Go calls them 'processors', but in OS terms they are OS threads. You can configure Go to have some different number of processors than you have physical processors (GOMAXPROCS).
This is not quite right. M's are OS threads. P's are processing units, on which goroutines are scheduled. There are exactly GOMAXPROCS P's. P's are scheduled to run on M's, but there may be more M's than GOMAXPROCS.
For instance, when a goroutine makes a blocking syscall, it will continue to use its current M (which is blocked in the kernel), but will release its P, allowing another goroutine to execute.
This means that GOMAXPROCS goroutines can execute in user space in parallel, but more goroutines can be blocked in the kernel on different OS threads.
The Go runtime will create more M's as necessary to run all of the P's.
(Note that the Go runtime does try to avoid needing one M per goroutine.

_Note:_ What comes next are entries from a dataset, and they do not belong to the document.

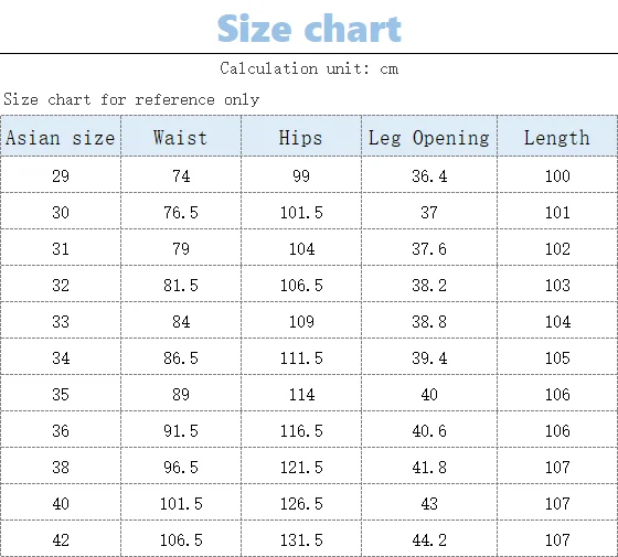| size_info | {"sizeInfoList":[{"length":{"cm":"74","inch":"29.13"},"size":"29","vid":-2},{"length":{"cm":"76.5","inch":"30.12"},"size":"30","vid":-3},{"length":{"cm":"79","inch":"31.10"},"size":"31","vid":-4},{"length":{"cm":"81.5","inch":"32.09"},"size":"32","vid":-5},{"length":{"cm":"84","inch":"33.07"},"size":"33","vid":-6},{"length":{"cm":"86.5","inch":"34.06"},"size":"34","vid":-7},{"length":{"cm":"89","inch":"35.04"},"size":"35","vid":-8},{"length":{"cm":"91.5","inch":"36.02"},"size":"36","vid":-9},{"length":{"cm":"96.5","inch":"37.99"},"size":"38","vid":-10},{"length":{"cm":"101.5","inch":"39.96"},"size":"40","vid":-11},{"length":{"cm":"106.5","inch":"41.93"},"size":"42","vid":-12}]} |
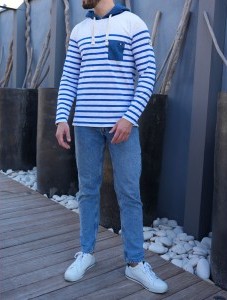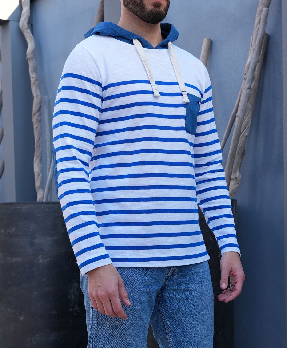 Affirmez un style casual-chic avec le t-shirt JASON à capuche manches longues signé La Marinière Française. Confectionné au Portugal dans un jersey flammé 100 % coton, ce t-shirt offre un confort naturel et une qualité textile premium. Les rayures tricotées dans la maille apportent une touche d’authenticité, tandis que les détails contrastés en chambray sur la capuche, les coudières et la poche poitrine confèrent caractère et originalité à ce modèle.
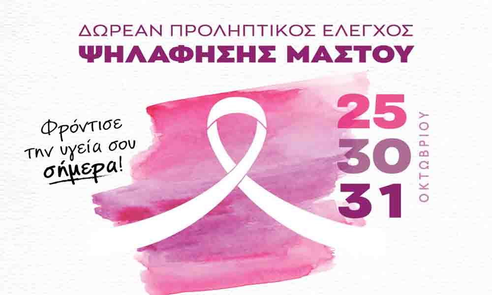 Ο Δήμος Ιλίου διοργανώνει ΔΩΡΕΑΝ προληπτικό έλεγχο ψηλάφησης μαστού στις 25, 30 και 31 Οκτωβρίου 2024. Τις εξετάσεις θα πραγματοποιήσει ο κ. Κωνσταντίνος Λούης, Μαιευτήρας-Γυναικολόγος της Γ΄ Μαιευτικής-Γυναικολογικής Κλινικής του Πανεπιστημιακού Γενικού Νοσοκομείου «ΑΤΤΙΚΟΝ».
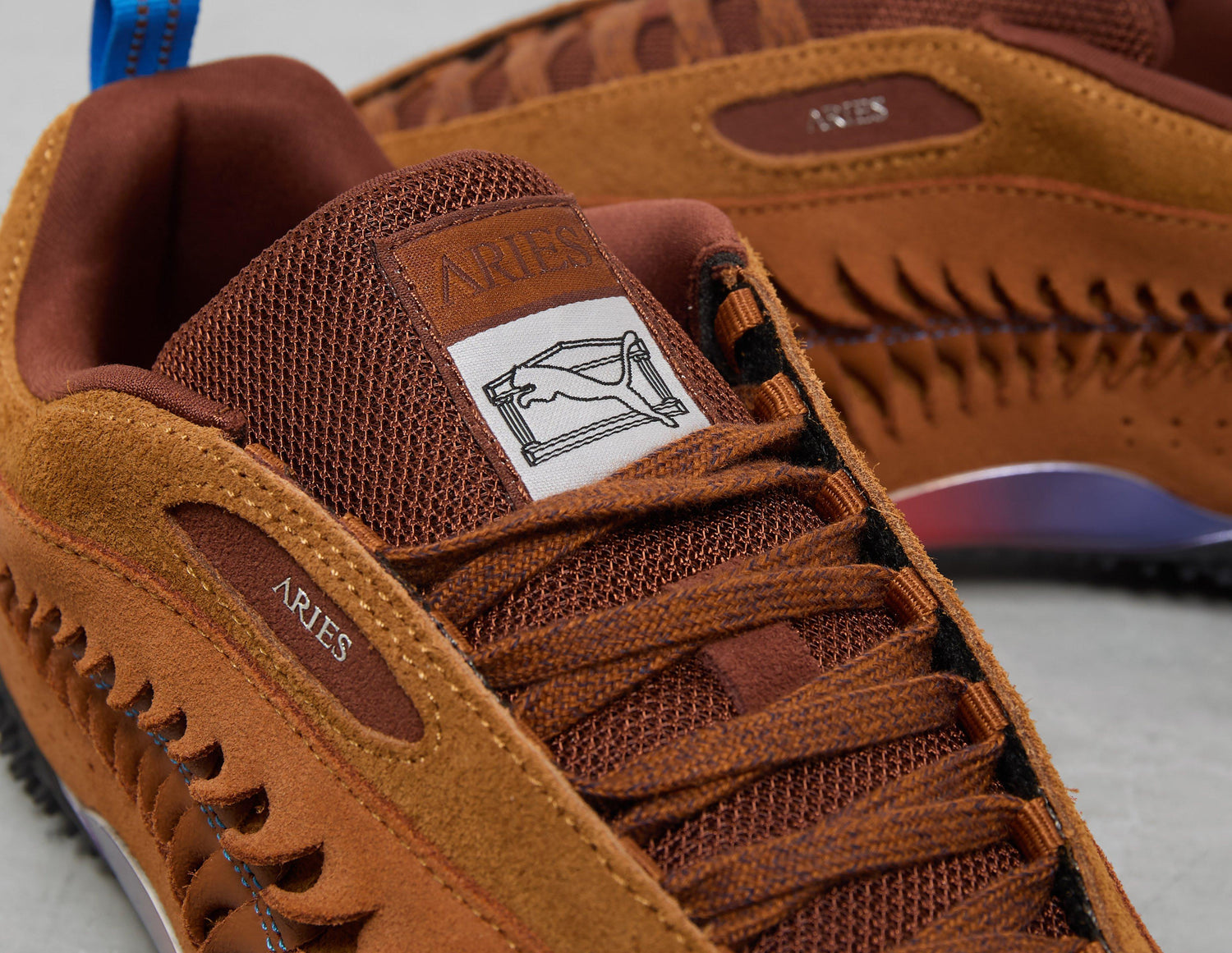 PUMA teams up with London streetwear label Aries on a new collection that spotlights the charged athleticism of Muay Thai and the thrill of classic fighting games. Here, a luxe 'Mahogany' suede upper on the Mostro Craft features a reimagined Formstip with gill-like detailing, while co-branding across the design nods to the collaboration. Underfoot, signature Mostro spikes creep up from the sole unit, while a glossy iridescent panel shines out from the midfoot
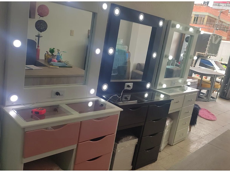 Con un amplio espejo y varios cajones, este tocador ofrece espacio de almacenamiento y un diseño elegante que se adapta a cualquier tipo de decoración.
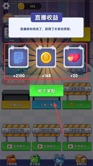 直播结束后点击【收下奖励】按钮,就能获得【2100】份文件、【168】枚金币和【20】颗爱心,这些资源可用于后续的升级操作。
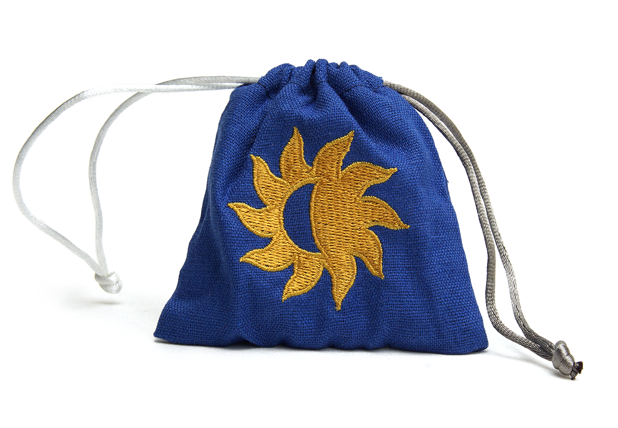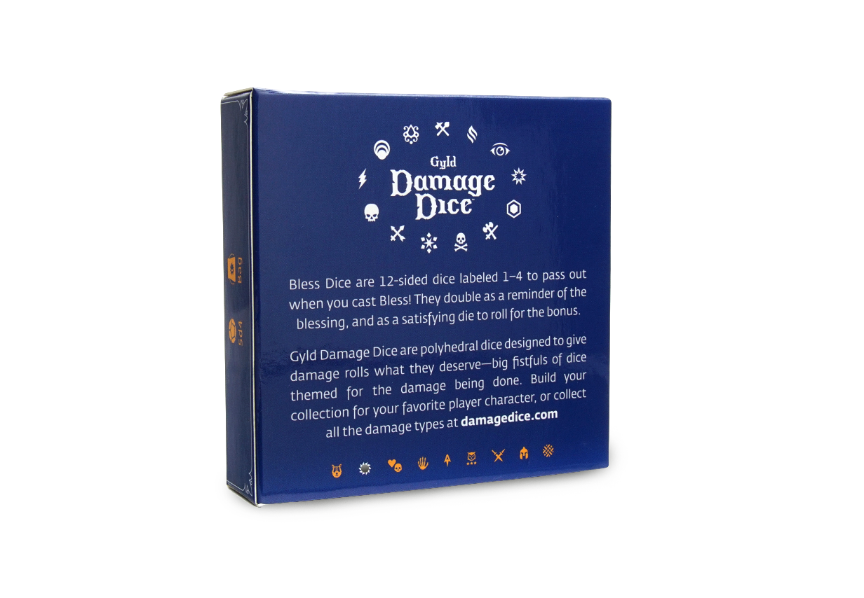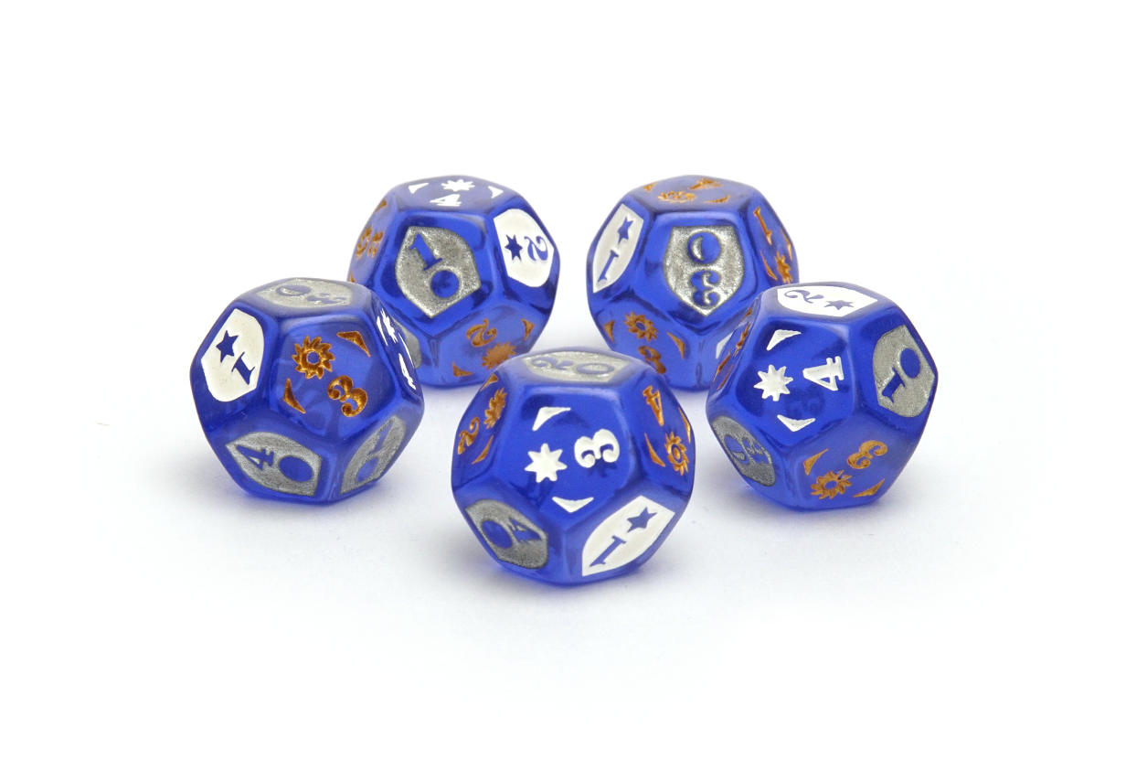 Support your allies with these dazzling dice of blessing, translucent blue d12s with both white and gold inking. Pass them around when you cast bless!

For instance, goroutines blocked on a channel are descheduled entirely (they give up their P and M), and are scheduled again only once they need to be woken.)
It's also very important to notice that network blocking calls like send/recv also release the P because the scheduler knows what's happening and passes the FDs over to the net poller, that is a single thread that waits on all of them through epoll or similar API. So you don't end up with one M for network socket and you get fully transparent async networking
> This is not quite right. M's are OS threads. P's are processing units, on which goroutines are scheduled. There are exactly GOMAXPROCS P's. P's are scheduled to run on M's, but there may be more M's than GOMAXPROCS.
What you say is almost true, but the terminology is not quite right. Goroutines (Gs) are multiplexed (scheduled) onto threads (Ms), not Ps. Goroutines acquire Ps, they are not scheduled on Ps. However, they are scheduled onto Ms through Ps.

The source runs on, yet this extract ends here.